▶ AIM OF THE TASK: With the pictures left out, retype exactly the lines below starting at the line that contains "按缴款日计,11月6-10日政府债净缴款(缴款剔除到期)为-1630亿元。" and ending at the line that contains "Brown Wicker Rattan".

▶ RECORDS FOR THE EXERCISE:
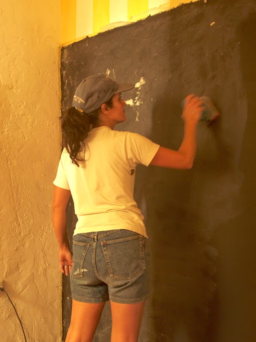 A continuación pasamos a la pared donde iba la pintura de pizarra. Aquí la cosa tampoco salió bien a la primera. No voy a entrar en detalles sobre los errores que hicimos (hice!!) y sólo dejo el consejo por si alguien algún día quiere pintar una pared con esta pintura: lo mejor es comprar la pintura especial con efecto pizarra. Nosotros hemos usado la de la marca Titan y la compramos en Acrilac en Malveira.
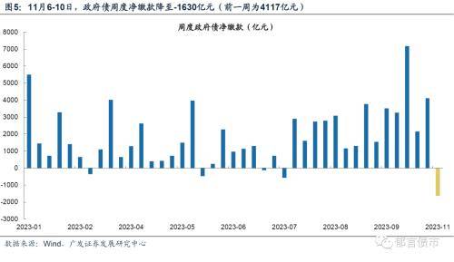 按缴款日计,11月6-10日政府债净缴款(缴款剔除到期)为-1630亿元。
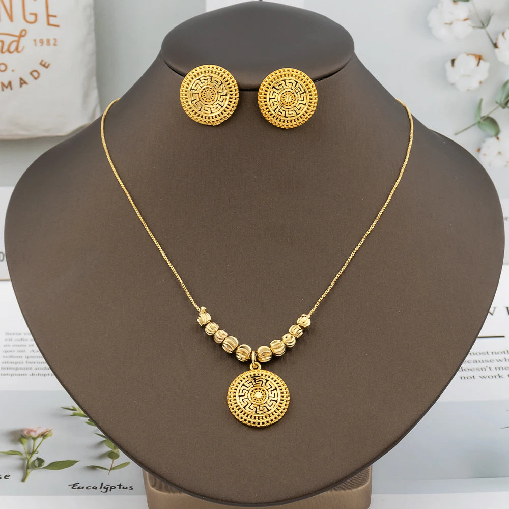 Chram Jewelry: Women Trendy Dubai Geometric Earrings Necklace
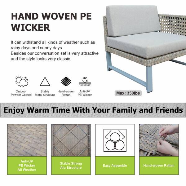 Brown Wicker Rattan 9-Piece Outdoor Patio Conversation Set with Gray Cushion and 43 in. Fire Pit Table
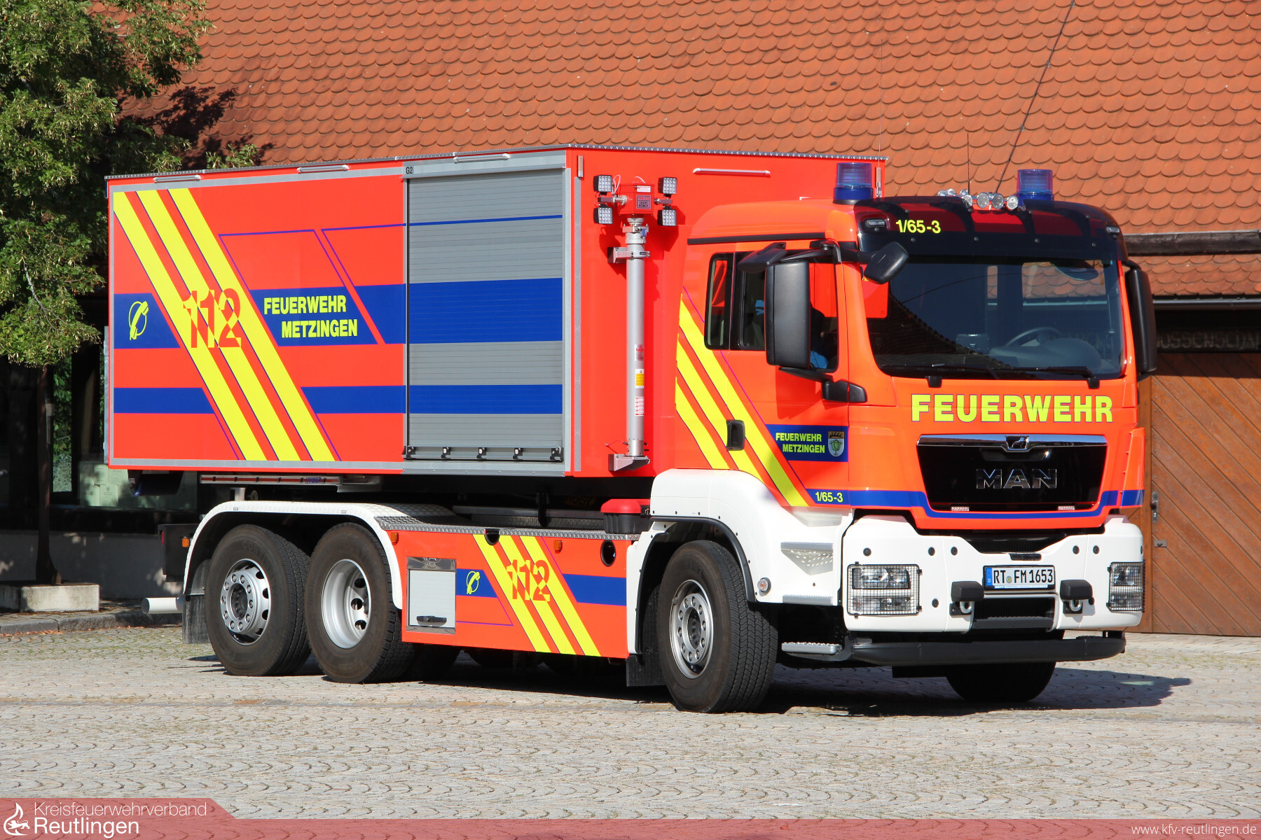 Den Zuschlag für das Fahrgestell des neuen Wechselladerfahrzeugs bekam die Firma MAN aus München mit einem TGS 26.440. Der 26-Tonner ist damit das größte Fahrzeug im Fuhrpark der Metzinger Feuerwehr. Angetrieben wird das Fahrzeug von einem Dieselmotor mit einer Leistung von 440 PS. Für eine bessere Wendigkeit sorgt die Liftachse. Der Aufbau wurde von der Firma Neff mit einem Palfinger Abrollkipper Hakensystem gestaltet.
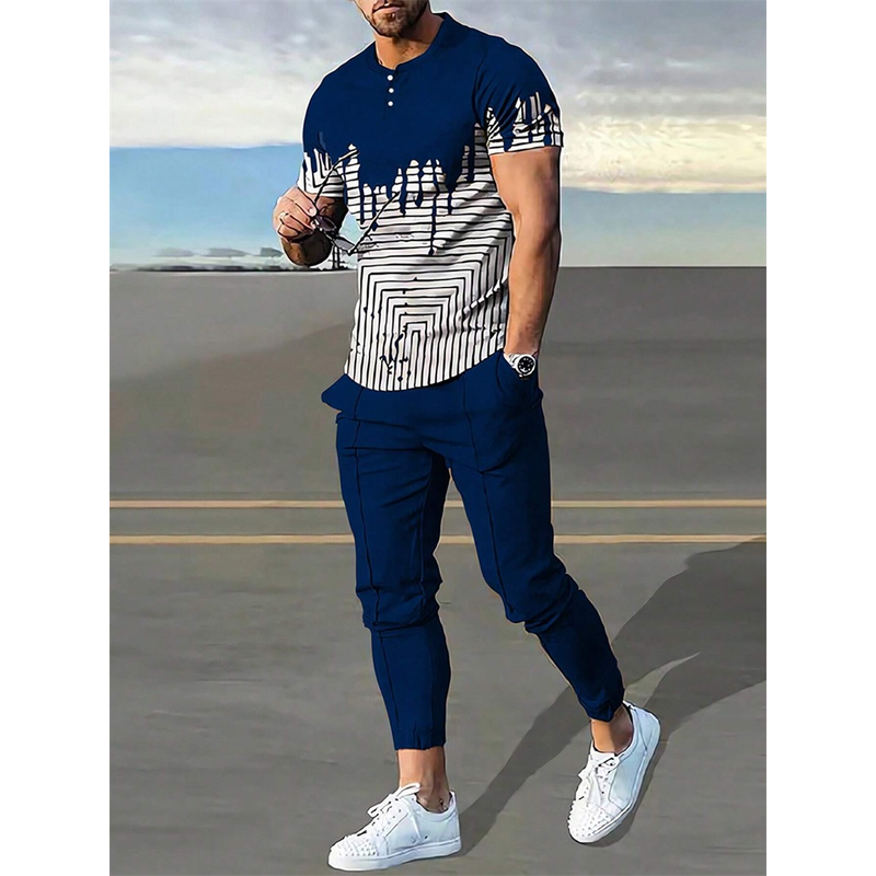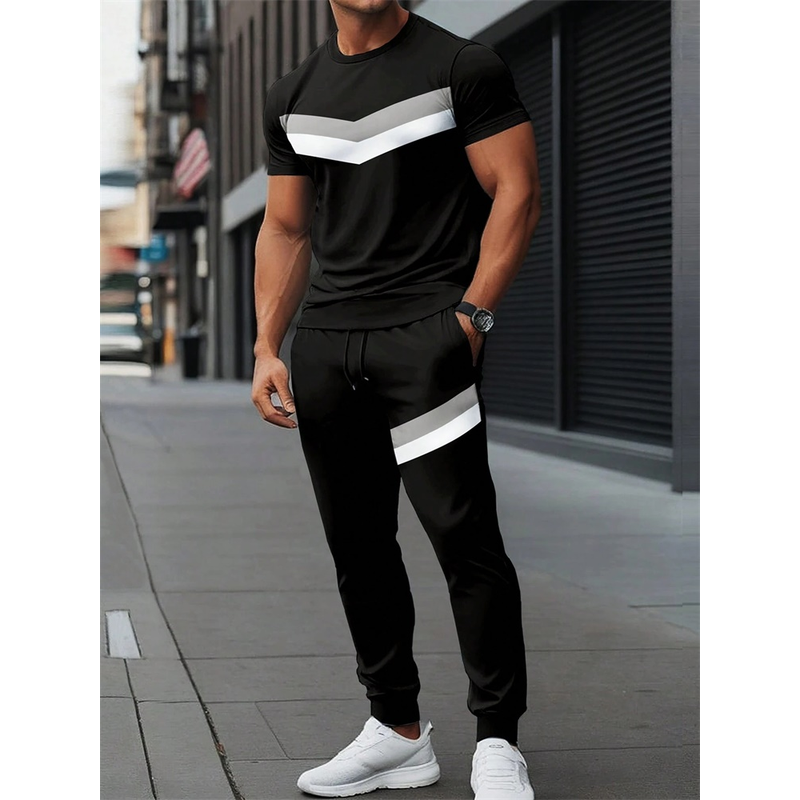 2025 Autumn Slim Men's Casual 2pcs Set, Urban Street Fashion Men's Short-sleeved Top And Casual Pocket Long Pants S-3XL
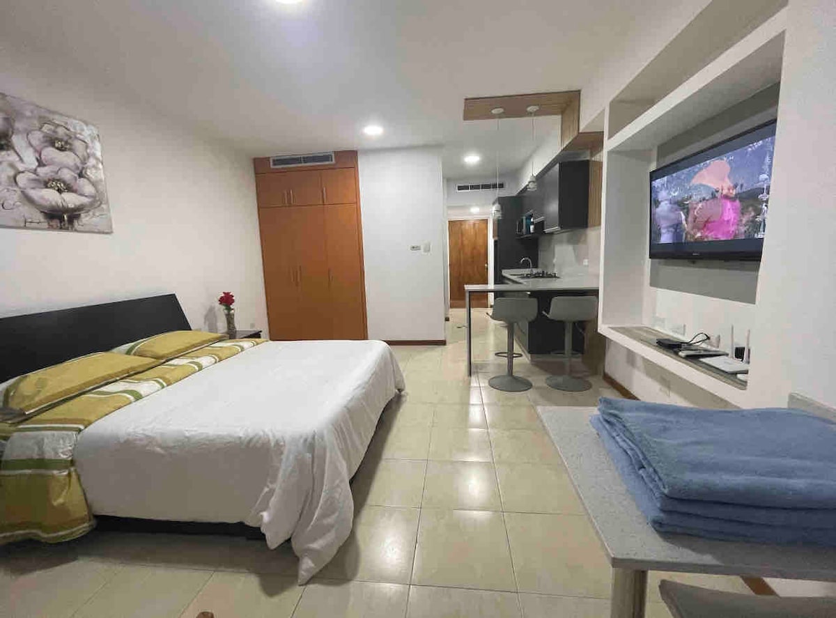 Lúxus og þægileg íbúð á besta svæði borgarinnar með öllu sem þú þarft og gerir ráð fyrir þægilegri og notalegri dvöl. - Ókeypis bílastæði, öryggisgæsla allan sólarhringinn og eftirlit. -100% vatns- og orkuver með varaorku á öllum svæðum. - Verslanir, apótek, veitingastaðir, almenningsgarðar og heilsugæslustöðvar í nágrenninu. - Kapalsjónvarp (EINFALT sjónvarp) - Einkaplata fyrir afskekkta trajano. - Gervihnattanet. - Queen-stærð og svefnsófi.
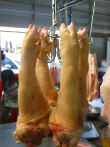 Then we moved into the building with fish and meat. Well, there was a lot of it, and as in most Thai meat markets, all parts of every animal were available for sale in any quantity, even if some parts defied belief. In rural villages we have seen small fish sliced in half and then left out in the sun to dry. In this market they would set up huge fans that would strongly blow air across tables covered in these fish. And some vendors were surrounded by huge 44 gallon drums of very suspicious looking concoctions, all of indeterminate nature, usually brown in colour and bubbling in motion, all available for sale for those who presumably couldn’t find anything else to buy.
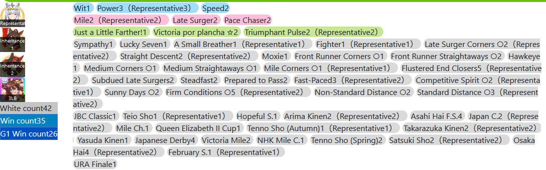 >>5580202462* mile, 12* dirt, double circle affinityBoth parents have stupid amounts of g1/g2/g3 wins and I'm lucky if I get a Dirt A from 5 borrows
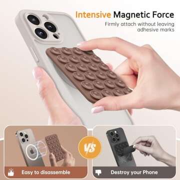 GONEZ Magnetic Suction Cup Phone Mount, Hands-Free Silicone Grip Holder Compatible with iPhone MagSafe Case, Mirror Shower Stand for Selfies and Videos, Brown
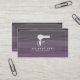Un carte de visite de l'industrie des cheveux avec un design arrière - plan à l'ombre violette sur l'avant et l'arrière. L'avant présente une illustration blanche d'un sèche-cheveux. Personnalisez le texte à l'avant et à l'arrière avec votre nom et vos coordonnées.
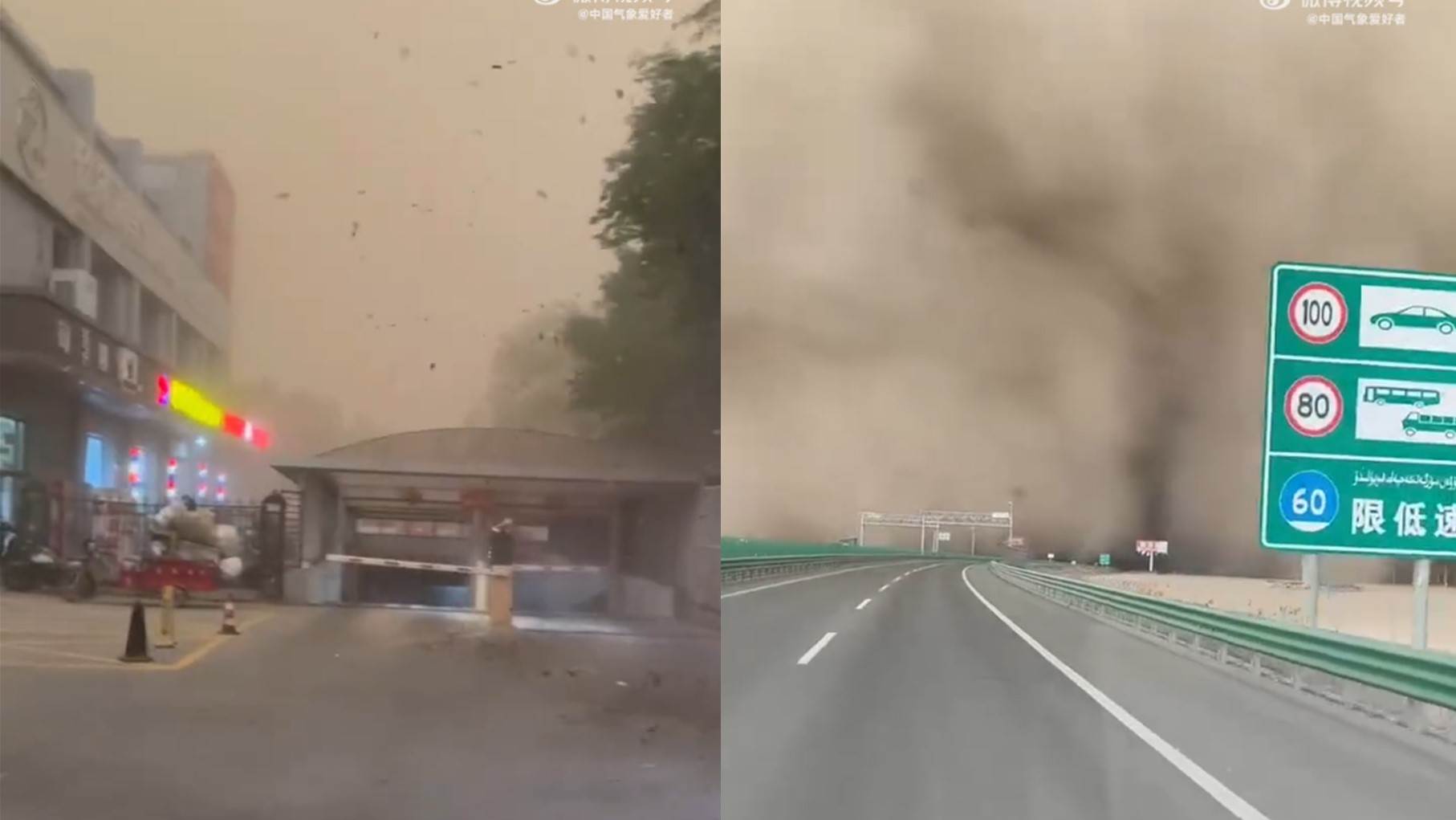 中國發生嚴重沙塵暴,能見度相當低。(圖/翻攝自中國氣象愛好者微博)
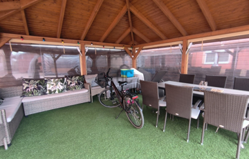 A térkövezett udvarban található a nagy méretű, téliesíthető filagória, amelyet a vételár tartalmaz.
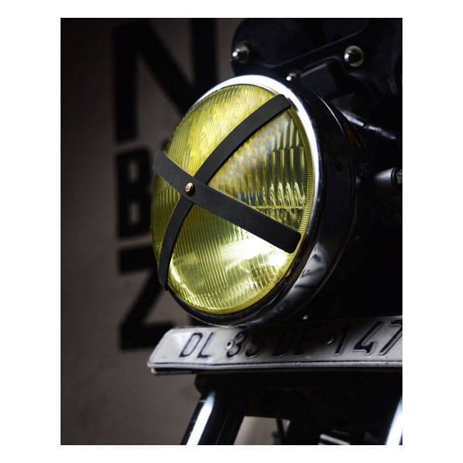 Skórzana osłona na reflektor X Trip Machine Headlight X Black czarne skórzane paski na reflektor cafe racer style
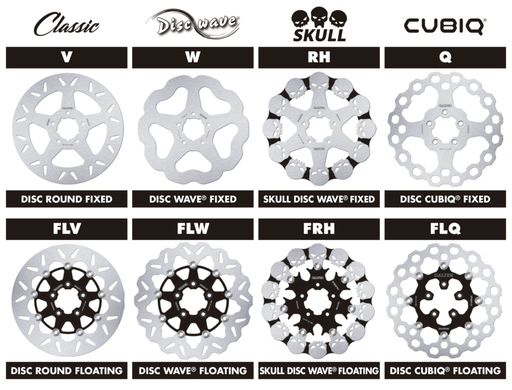 One section of the GALFER brake components catalogue is dedicated to the custom world and to V-Twin fans who can choose a brand specialising in braking systems and ensure the perfect combination of power, quality and design. GALFER offers these four different versions of brake discs to customise your bike:
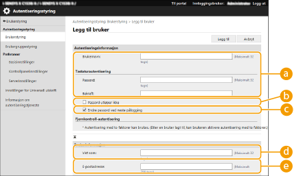 [Endre passord ved neste pålogging]Velg denne avmerkingsboksen for å tvinge registrerte brukere til å endre passordet sitt første gangen de logger på. Så snart en bruker har endret passordet sitt, fjernes avmerkingsboksen automatisk.
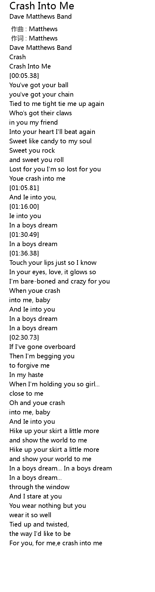 | [00:03.70] | Crash Into Me |
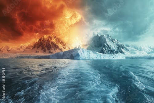 Naklejka premium Fire and Ice Landscape: A Dramatic Contrast of Nature
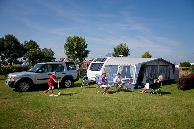 Level, hard-standing paved areas with additional grass area for awnings and some pitches are hedged for that extra privacy.
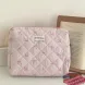 Name: 2024 Pink Bow Quilted Women"s Makeup Bag
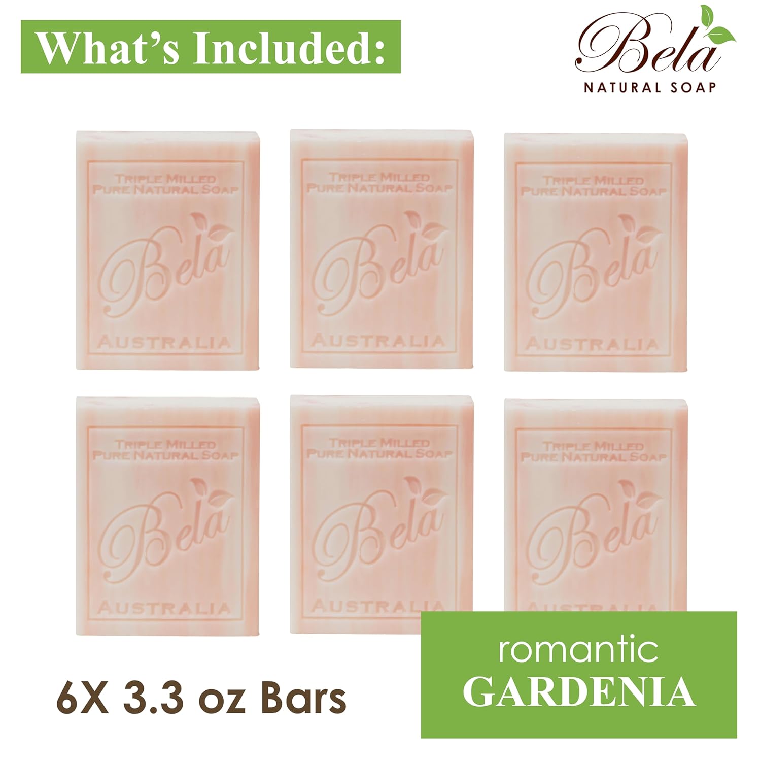 BELA Romantic Gardenia Soap 3.3 OZ Pack of 6, Long Lasting French Triple Milled Bar Soap with Organic Shea Butter Hand, Face and Body Wash Bar, Made in Australia

▶ WRITTEN ANSWER:
 按缴款日计,11月6-10日政府债净缴款(缴款剔除到期)为-1630亿元。
 Chram Jewelry: Women Trendy Dubai Geometric Earrings Necklace
 Brown Wicker Rattan 9-Piece Outdoor Patio Conversation Set with Gray Cushion and 43 in. Fire Pit Table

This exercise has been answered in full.